About this task: Exactly retype the opening line of the entries and every line after it, ending with the line that contains "これは、新フロアに登場した【". Skip all pictures.
### Data
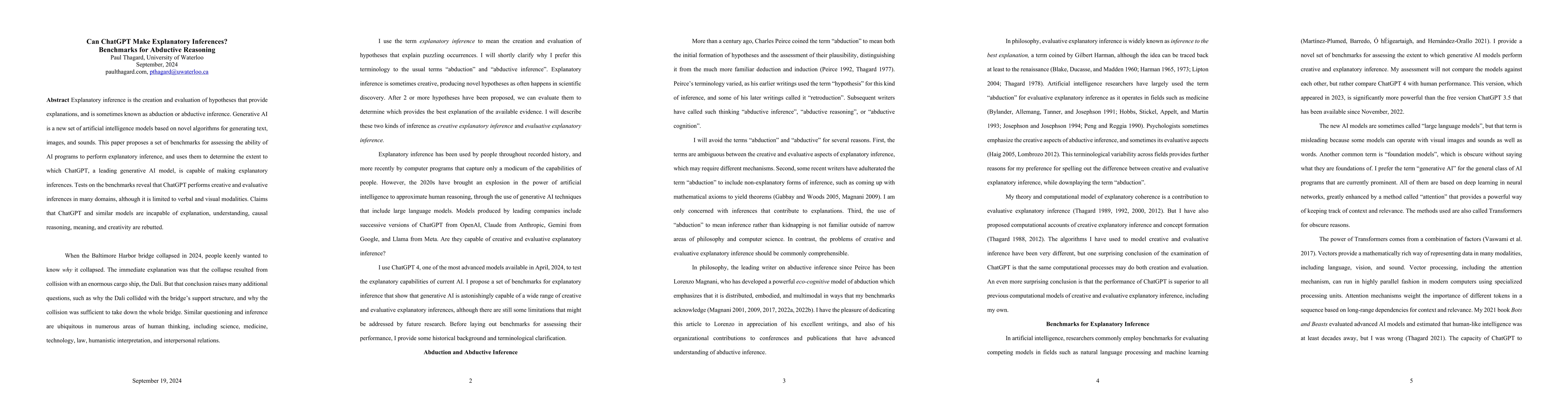 Explanatory inference is the creation and evaluation of hypotheses that provide explanations, and is sometimes known as abduction or abductive inference. Generative AI is a new set of artificial intelligence models based on novel algorithms for generating text, images, and sounds. This paper proposes a set of benchmarks for assessing the ability of AI programs to perform explanatory inference, and uses them to determine the extent to which ChatGPT, a leading generative AI model, is capable of making explanatory inferences. Tests on the benchmarks reveal that ChatGPT performs creative and evaluative inferences in many domains, although it is limited to verbal and visual modalities. Claims that ChatGPT and similar models are incapable of explanation, understanding, causal reasoning, meaning, and creativity are rebutted.
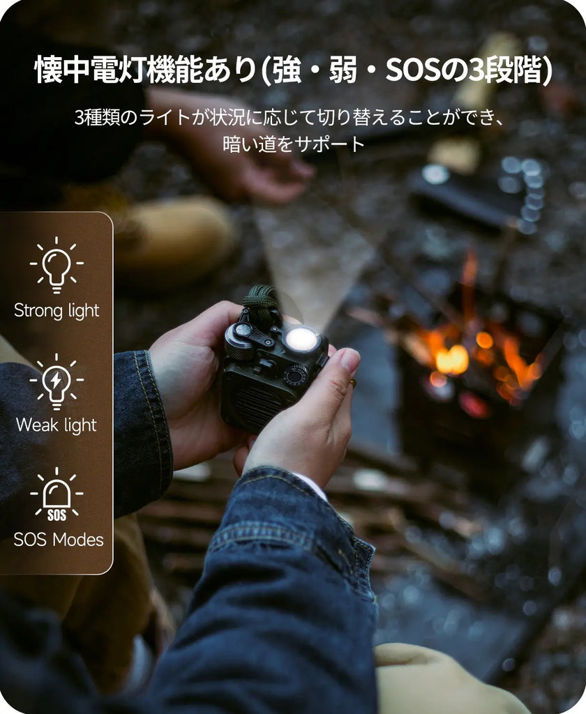 夜間の使用や災害時のSOS発信にも使える実用的なライトです。
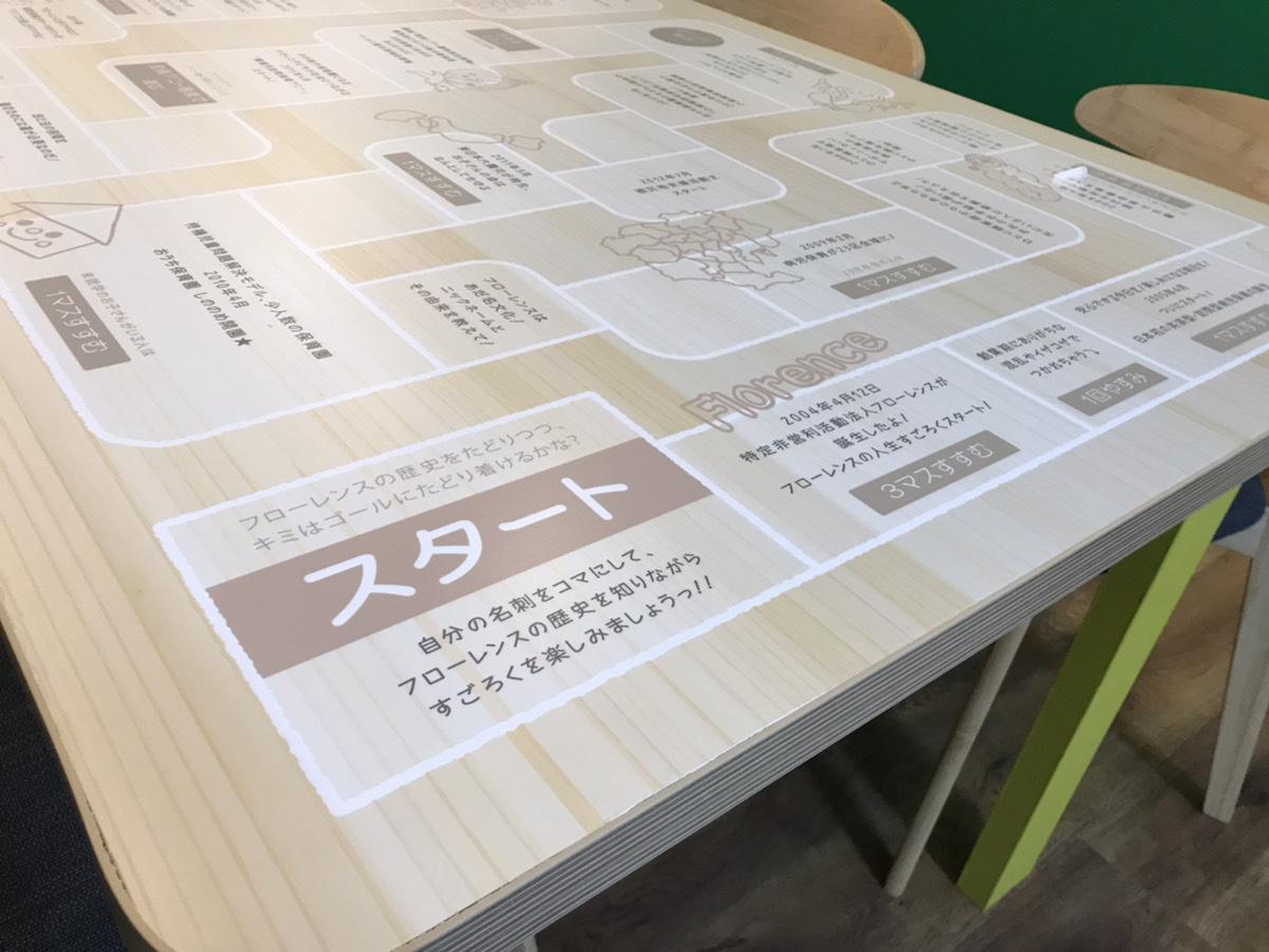 これは、新フロアに登場した【すごろくテーブル】! 2004年の創立から約20年、山あり谷ありの道のりを、すごろくゲーム仕立てで辿れるオリジナルの天板です。
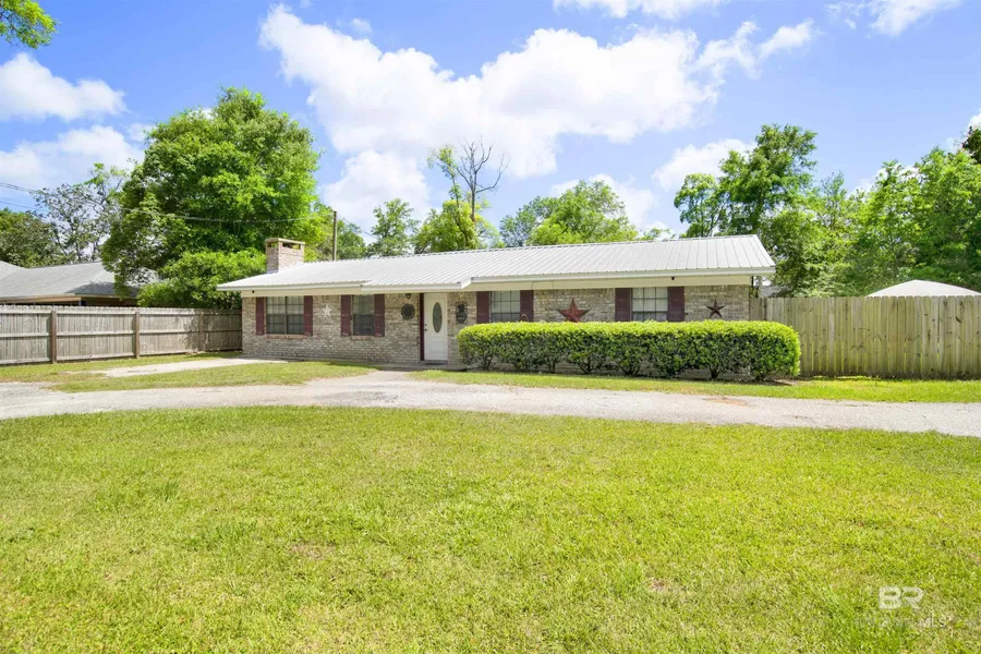 Discover the charm of this delightful cottage-style brick home located in the heart of Foley, AL. This residence is updated with a durable metal roof. Sits on a large lot with a fenced-in backyard, perfect for outdoor activities. The circular driveway adds convenience and curb appeal. Inside, the living area features a lovely painted brick wall with a cozy fireplace, creating a warm and inviting atmosphere. Enjoy the outdoors on the spacious covered back porch, ideal for relaxation and entertaining. Situated in a well-established neighborhood with no HOA, this home offers affordability and a prime location. This home is walking distance to local parks and to Ivan Jones Stadium. Just blocks to downtown Foley which is up and coming with dining, shopping and spectacular events! This location is outstanding! Buyer to verify all information during due diligence.
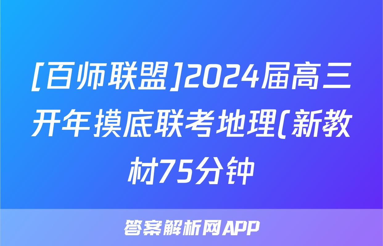 [百师联盟]2024届高三开年摸底联考地理(新教材75分钟)答案正在持续更新,目前2026卷行天下答案网为大家整理了相关试题及答案,供大家查缺补漏,高效提升成绩。
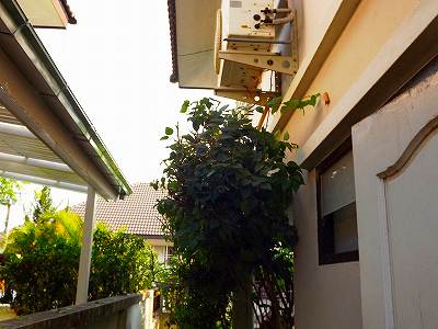 上の写真 ブーゲンビリア 隣の家に、クーラーにも勢いよく伸びているので枝落としをと思ったのだが、その前に理恵さんは街へ 用事と買い物へ DVDを見てから帰るのを待って・・・
######
Response box:
 Explanatory inference is the creation and evaluation of hypotheses that provide explanations, and is sometimes known as abduction or abductive inference. Generative AI is a new set of artificial intelligence models based on novel algorithms for generating text, images, and sounds. This paper proposes a set of benchmarks for assessing the ability of AI programs to perform explanatory inference, and uses them to determine the extent to which ChatGPT, a leading generative AI model, is capable of making explanatory inferences. Tests on the benchmarks reveal that ChatGPT performs creative and evaluative inferences in many domains, although it is limited to verbal and visual modalities. Claims that ChatGPT and similar models are incapable of explanation, understanding, causal reasoning, meaning, and creativity are rebutted.
 夜間の使用や災害時のSOS発信にも使える実用的なライトです。
 これは、新フロアに登場した【すごろくテーブル】! 2004年の創立から約20年、山あり谷ありの道のりを、すごろくゲーム仕立てで辿れるオリジナルの天板です。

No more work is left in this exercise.